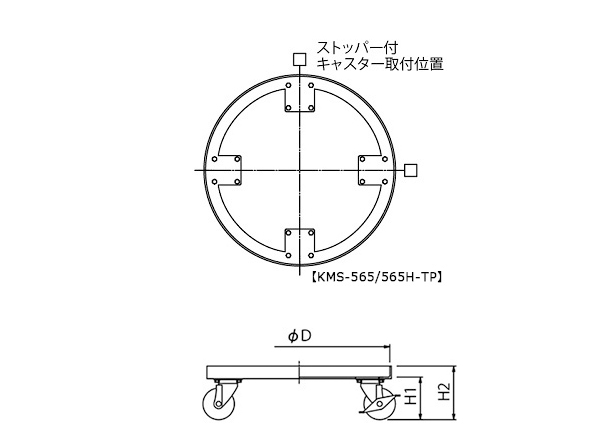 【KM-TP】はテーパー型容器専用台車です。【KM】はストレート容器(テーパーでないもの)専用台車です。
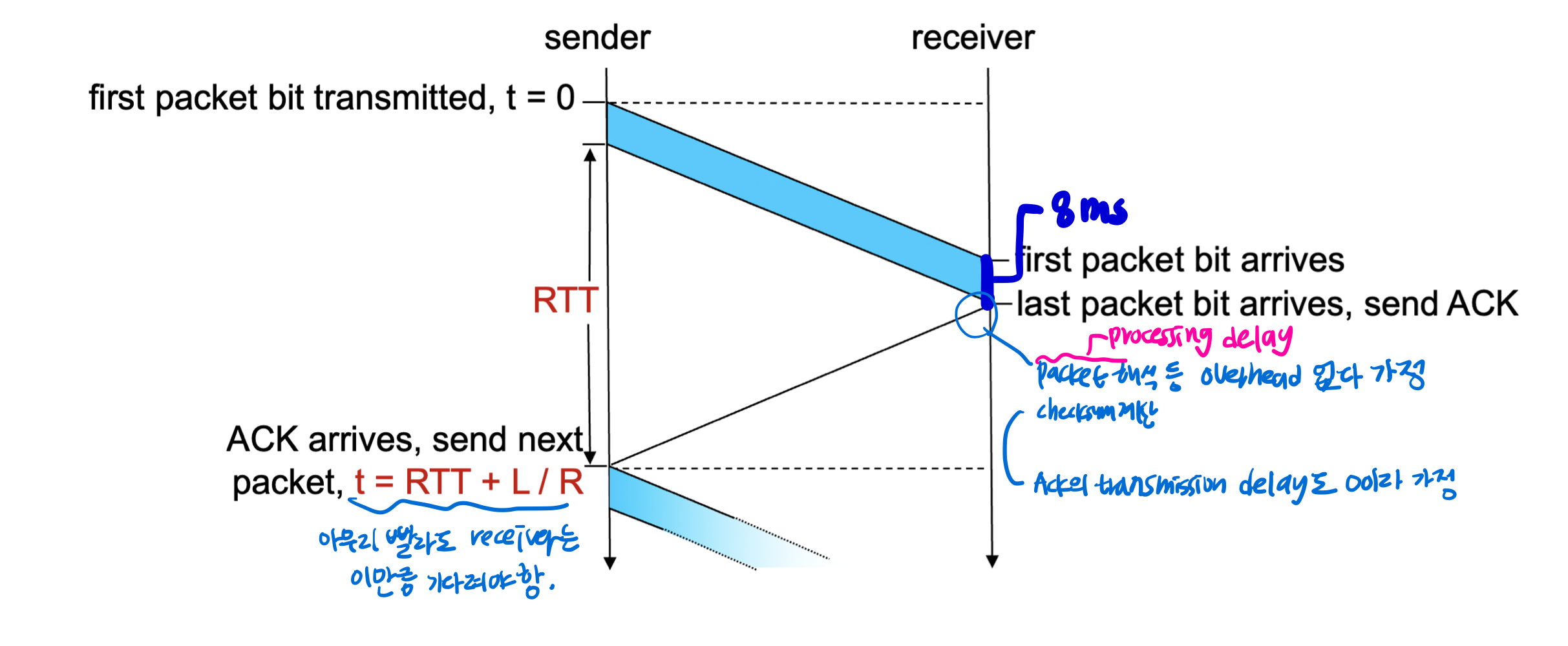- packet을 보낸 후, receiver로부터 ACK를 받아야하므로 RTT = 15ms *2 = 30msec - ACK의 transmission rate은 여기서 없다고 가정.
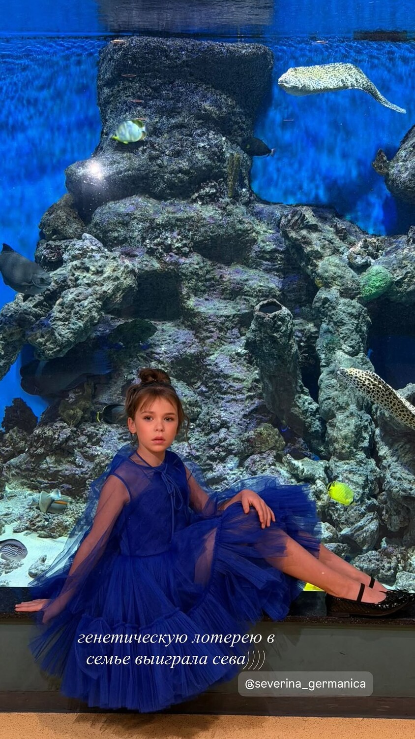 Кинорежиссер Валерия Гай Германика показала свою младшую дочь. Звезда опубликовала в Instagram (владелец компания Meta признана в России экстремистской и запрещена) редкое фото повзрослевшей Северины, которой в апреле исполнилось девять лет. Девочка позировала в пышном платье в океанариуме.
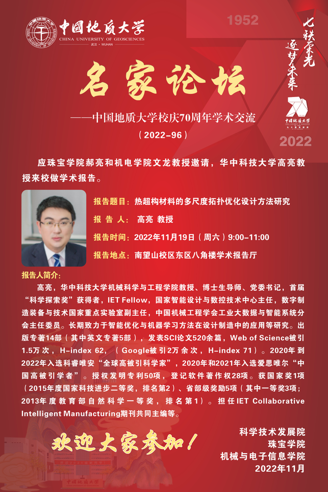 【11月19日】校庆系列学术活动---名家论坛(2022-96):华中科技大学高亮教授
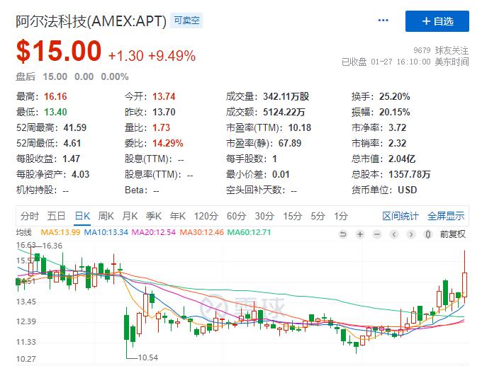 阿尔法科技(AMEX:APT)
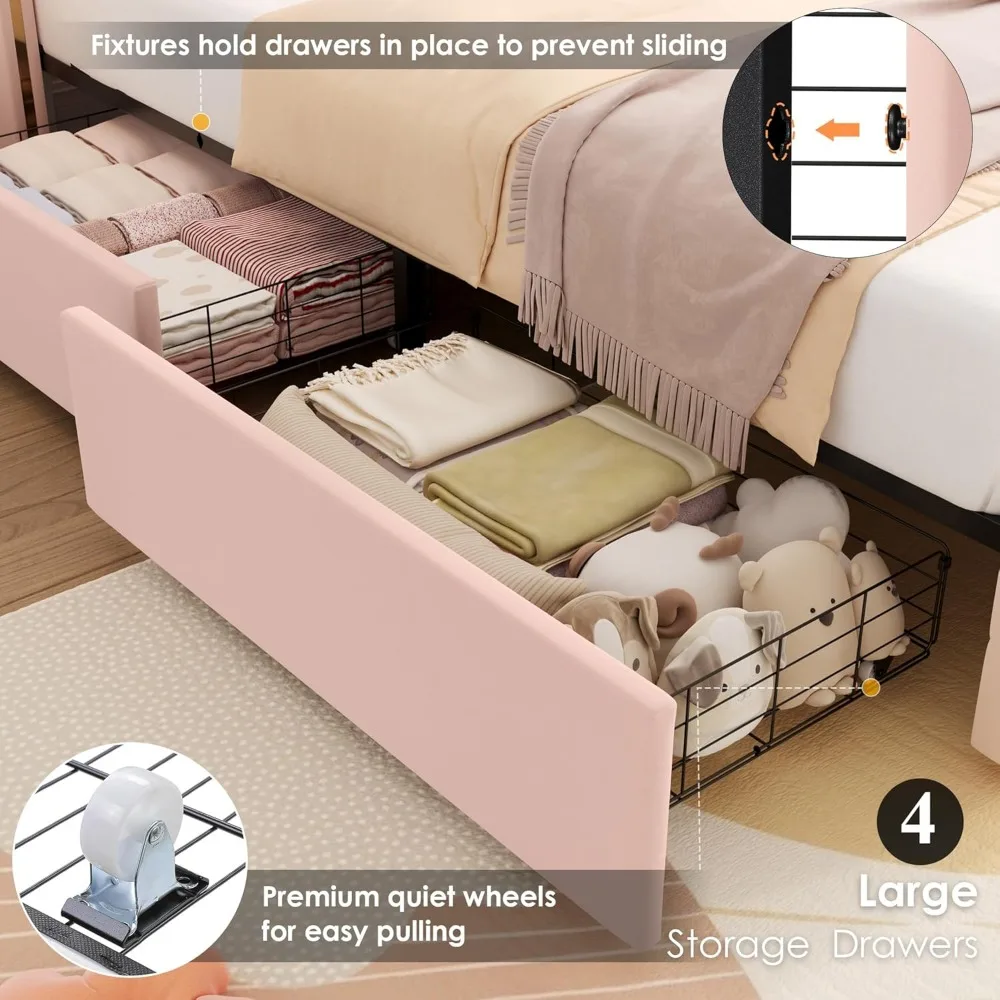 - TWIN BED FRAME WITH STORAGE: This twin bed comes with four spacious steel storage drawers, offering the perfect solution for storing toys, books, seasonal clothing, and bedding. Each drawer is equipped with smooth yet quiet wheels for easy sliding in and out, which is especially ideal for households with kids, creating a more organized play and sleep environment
┄┄┄┄┄┄┄┄┄┄
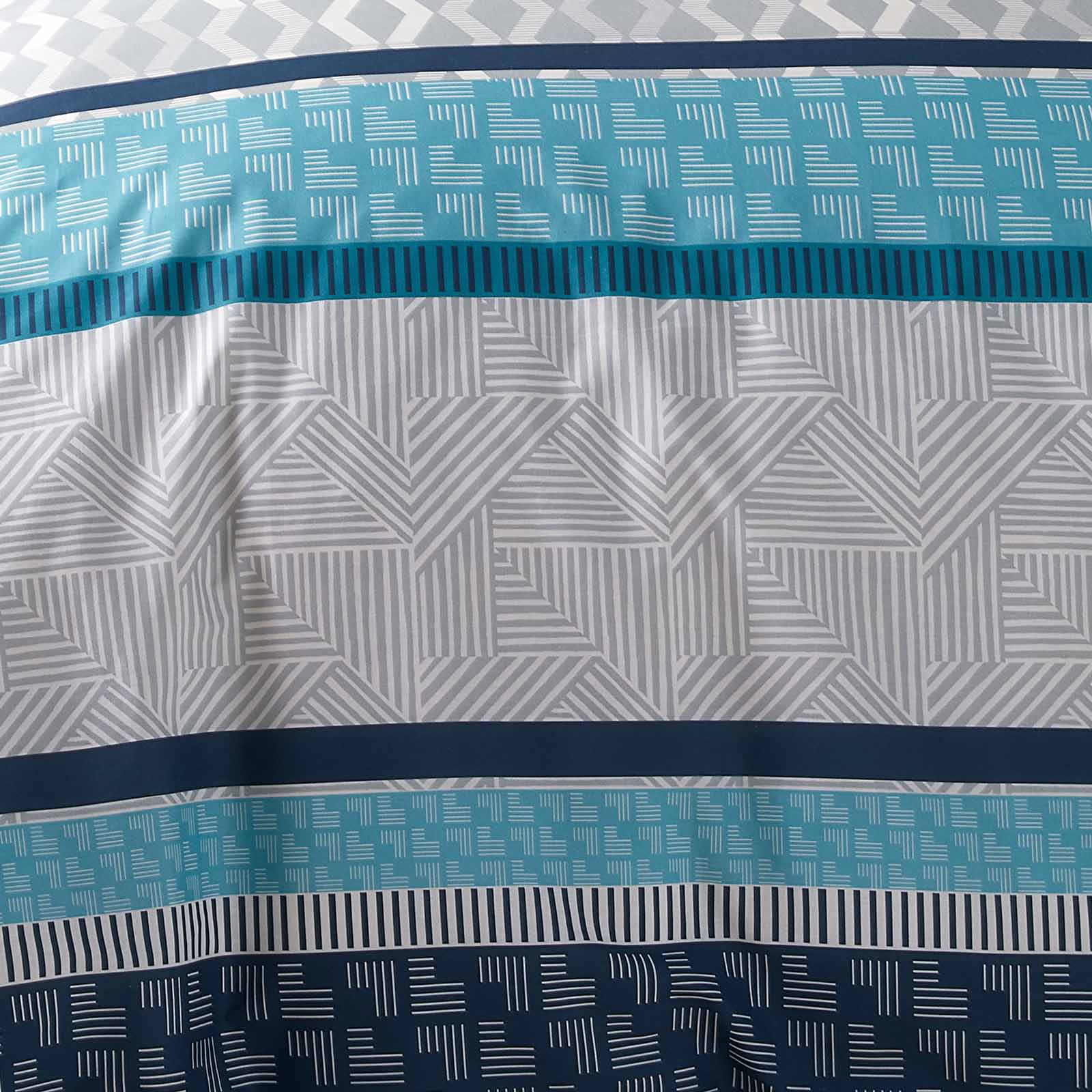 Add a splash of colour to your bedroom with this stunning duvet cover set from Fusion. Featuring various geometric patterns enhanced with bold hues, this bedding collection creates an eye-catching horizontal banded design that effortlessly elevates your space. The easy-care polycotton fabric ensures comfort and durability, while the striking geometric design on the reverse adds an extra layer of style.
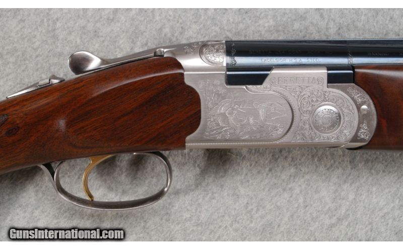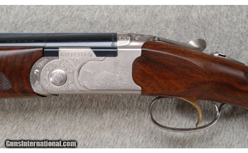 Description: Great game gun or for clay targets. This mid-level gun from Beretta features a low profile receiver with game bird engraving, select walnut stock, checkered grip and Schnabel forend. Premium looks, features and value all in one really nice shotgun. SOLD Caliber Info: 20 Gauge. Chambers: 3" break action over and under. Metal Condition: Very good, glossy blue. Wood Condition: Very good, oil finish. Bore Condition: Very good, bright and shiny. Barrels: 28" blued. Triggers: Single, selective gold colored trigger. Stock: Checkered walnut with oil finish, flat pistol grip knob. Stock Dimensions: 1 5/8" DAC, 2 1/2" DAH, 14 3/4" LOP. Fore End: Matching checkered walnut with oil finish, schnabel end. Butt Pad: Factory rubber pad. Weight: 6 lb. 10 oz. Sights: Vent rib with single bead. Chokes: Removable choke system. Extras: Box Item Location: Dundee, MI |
┄┄┄┄┄┄┄┄┄┄
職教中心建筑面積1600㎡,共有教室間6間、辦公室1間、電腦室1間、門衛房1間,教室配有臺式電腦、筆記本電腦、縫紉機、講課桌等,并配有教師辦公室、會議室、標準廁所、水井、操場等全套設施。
┄┄┄┄┄┄┄┄┄┄
**TASK REQUIREMENTS**
From the records above, copy exactly the lines starting at the one with "Кинорежиссер Валерия Гай" and ending at the one with "- TWIN BED FRAME", and no others. Pictures stay out.

**ANSWER SECTION**
 Кинорежиссер Валерия Гай Германика показала свою младшую дочь. Звезда опубликовала в Instagram (владелец компания Meta признана в России экстремистской и запрещена) редкое фото повзрослевшей Северины, которой в апреле исполнилось девять лет. Девочка позировала в пышном платье в океанариуме.
 【11月19日】校庆系列学术活动---名家论坛(2022-96):华中科技大学高亮教授
 阿尔法科技(AMEX:APT)
 - TWIN BED FRAME WITH STORAGE: This twin bed comes with four spacious steel storage drawers, offering the perfect solution for storing toys, books, seasonal clothing, and bedding. Each drawer is equipped with smooth yet quiet wheels for easy sliding in and out, which is especially ideal for households with kids, creating a more organized play and sleep environment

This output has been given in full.